The weekend before the Ashes began, Ravi Bopara gave a fascinating first-person account of how he felt going into the biggest Test series of his career to date.

Explaining how he was unimpressed by Australians, past or present, trying to intimidate England's players through words alone, Bopara said: "Whether the words are from Shane Warne or whoever, how are they supposed to hurt me?

"Is he trying to intimidate or put pressure on me? Pressure? Pressure is when you've got a knife in your face and someone says, 'Give me what you've got'."

He went on to explain how exactly that had happened to him when he was 12 years old, growing up in the mean streets of east London.

That kind of anecdote might explain why he often wears a carefree expression as he marches out to bat, whatever the situation, and why he betrays so little emotion in general on a cricket field.

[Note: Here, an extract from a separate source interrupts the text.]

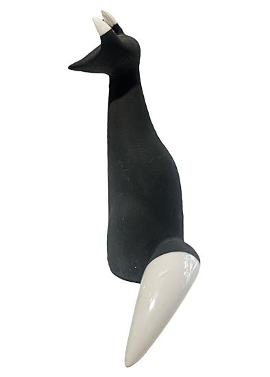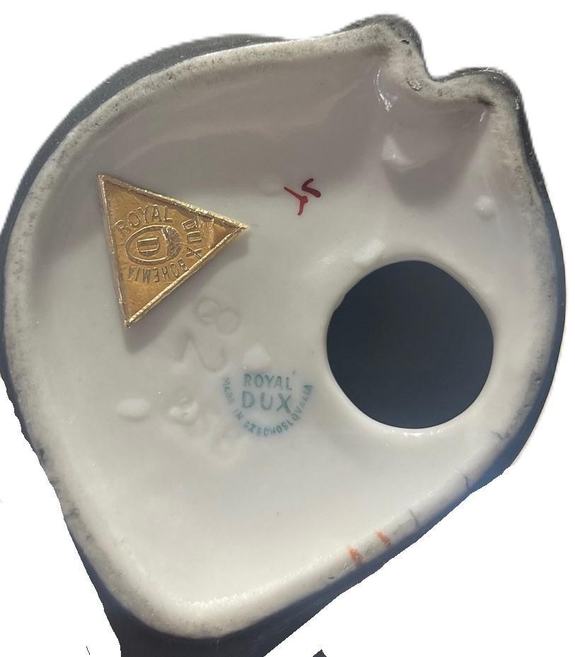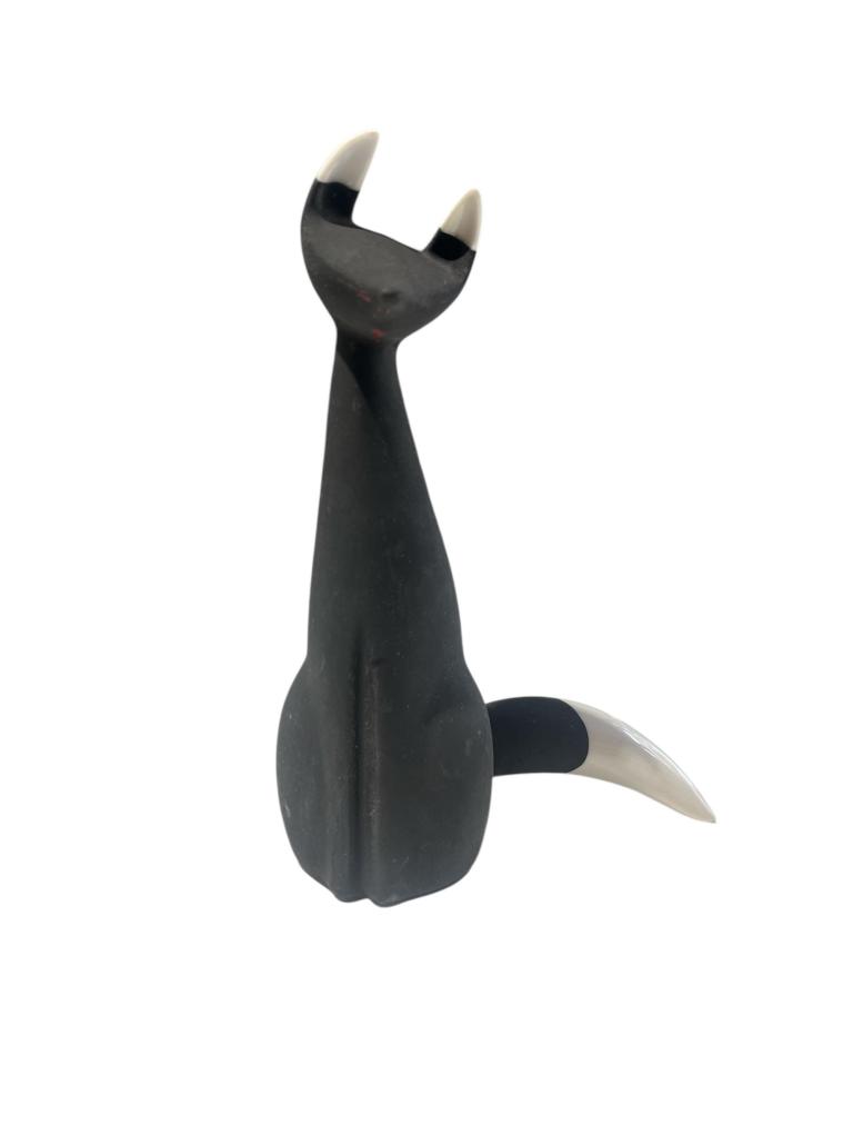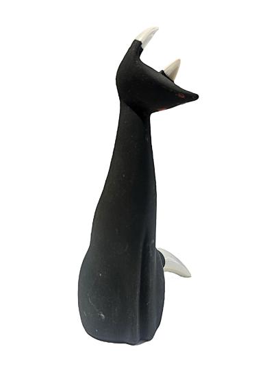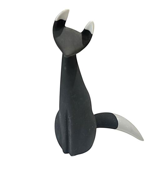 Krásná nadčasová soška v bruselském designu od autora Jaroslava Ježka, pro porcelánku Royal Dux. Jedná se o sedící černou lišku z biskvitového porcelánu s bíle glazovanými špičkami uší a chvostu. Soška je místy lehce ošoupaná na čumáku má stopy po červené barvě, která půjde odstranit. Jinak bez poškození a ve velmi pěkném stavu. Na výšku měří 20,5 cm, na šířku i s ocasem 15 cm. Hloubka je 10 cm. Značeno ze spodní strany podstavy- Royal Dux.

Bopara narrowly avoids being caught by Hauritz

It is clear that he is blessed with enviable talents, and had been in terrific form all year - in all formats of the game - until this series. But he has now hit a small crisis, with scores of 35, 1, 18 and a particularly scratchy 27 behind him.

It might only be a temporary blip, and I think he is certain to keep his place in the side when England head to Edgbaston despite Ian Bell hitting a century for Warwickshire on Thursday. But if Australia were to find a way of winning the third Test, with Bopara struggling again, then the difficult number three spot might have to be re-assessed.

Part of the attraction of selecting Bopara in this England side is the knowledge that he does not come to the crease riddled with nerves or the fear of failure.

But some commentators have accused him of being a bit too casual at times - and he certainly fell to a loose stroke on Friday when he popped up a catch to short-leg off Australia's admirable, though injured, spinner Nathan Hauritz.

It was, frankly, a painful innings to watch. He was dropped on nine, and was inches away from giving mid-on a catch on 19. It must have been infuriating for him to occasionally see a number of his cuts and drives middled, but hit straight to fielders.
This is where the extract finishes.